The preferred option provides a benefit through being able to avoid the transmission investment that would otherwise be required to unlock additional renewable generation resources in the Murray River and Riverland renewable energy zones (REZs), which have been identified by AEMO in the ISP as being priority areas to assist NEM transition. Since late 2018 for example, over 600MW of solar generation has reached committed status west of Wagga Wagga.

Where to from here?

A different generation map is emerging across Australia. It is obvious that a large amount of new generation will be built in areas that have not previously hosted such assets.

As we move to a lower carbon economy with renewable generation taking a greater share of the market, the reality is that current transmission highways do not align with where the best generation sources are to supply Australia’s future needs.

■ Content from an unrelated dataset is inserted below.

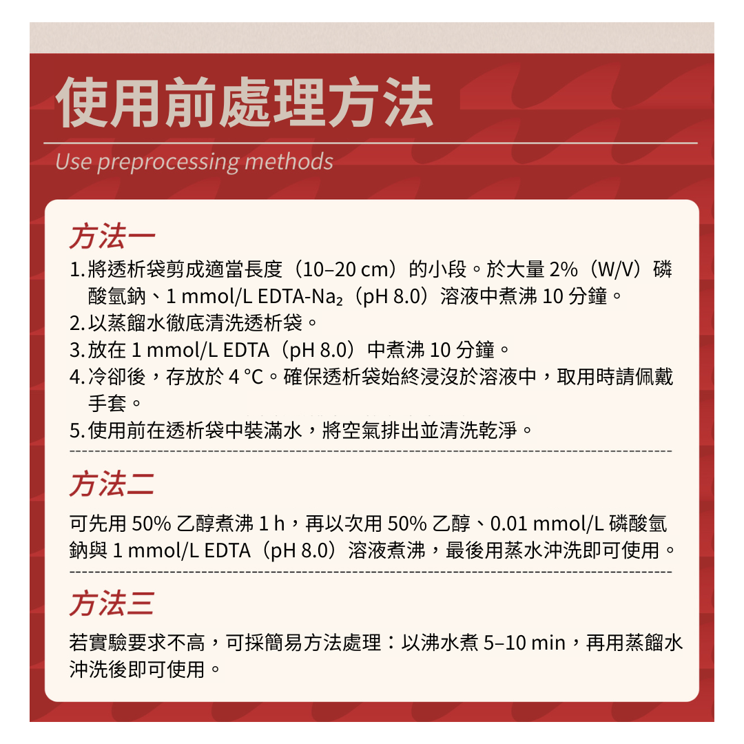透析袋需經預處理與活化後方可使用,否則透析效果不佳。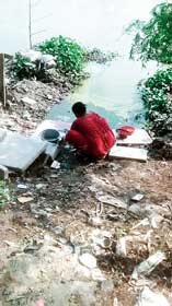 পাশেই বাইপাস ও বাসন্তী হাইওয়ের মাঝে অনন্তবাদাল, ধাপা-দুর্গাপুর, খানাবেড়িয়া, উঁচুপোতা, আরুপোতা, বৈঁচতলাতেও পানীয় জল সীমিত। পুরসভার জলের গাড়ির জন্য প্রতীক্ষার শুরু হয় ভোর থেকে। এ ছাড়া, জল বলতে ভরসা ভেড়ি বা ডোবার দূষিত জল। এখানেও ভেড়ির উপরে মাচা করে তৈরি শৌচাগার। যত্রতত্র জমে নোংরা জল। ছেঁড়া প্লাস্টিক, ভাঙা বেড়ায় তৈরি ঘরগুলি। কোথাও বা মাটির ঘর। মূল রাস্তার পিচ ভাঙাচোরা, গলিপথ কাঁচা। বর্ষার কাদা-মাটি থেকে নিষ্কৃতি পেতে কোথাও ছড়ানো ভাঙা ইট। বেশির ভাগ বাসিন্দা যুক্ত ময়লা কুড়ানো, প্লাস্টিক দানা তৈরি বা শুয়োরের চাষে। কয়েক জন চাষবাসও করেন। অপুষ্টি, ডায়েরিয়া ও চর্মরোগ ঘরে ঘরে। অসুস্থ হলে ওষুধ আনতে আধ ঘণ্টার পথ পেরোতে হয়। যানবাহন বলতে ইঞ্জিন ভ্যান বা আবর্জনার গাড়ি। এই ছবি পুরসভার ৫৮ নম্বর ওয়ার্ডের।

Interconnectors that coincide with REZs support ease of connection to the grid; it is cheaper for these generation proponents to be more proximal to transmission highways. Not surprisingly, Project EnergyConnect is attracting interest from potential new proponents.

The European Commission recognises the widespread benefits from well-interconnected energy networks: increased security of supply, affordable prices via market integration and decarbonisation through increasing levels of renewable generation.

The Commission views interconnection as an essential precondition for realising an integrated, competitive and sustainable European electricity market, and has a target of achieving an interconnection capacity of at least ten per cent installed electricity production capacity across its members by 2020 – with a view to eventually achieving a single, European energy market.

The South Australian and New South Wales Governments are both strong supporters of Project EnergyConnect, with a Memorandum of Understanding signed by both parties in December 2018 and financial underwriting of early works by the South Australian Government to accelerate some activities in advance of awaiting regulatory outcomes.

Total renewable energy resources in South Australia exceed its combined minimum demand and current export capability, putting it at the forefront of renewable penetration levels in power systems across the world.

South Australia also has among the most abundant and high-quality renewable energy resources in Australia and has seen an unprecedented, and highly publicised, uptake of renewable generation over the last decade.

Harnessing this competitive advantage in a transformational market setting for the long-term benefit of customers and communities across eastern Australia is a national imperative.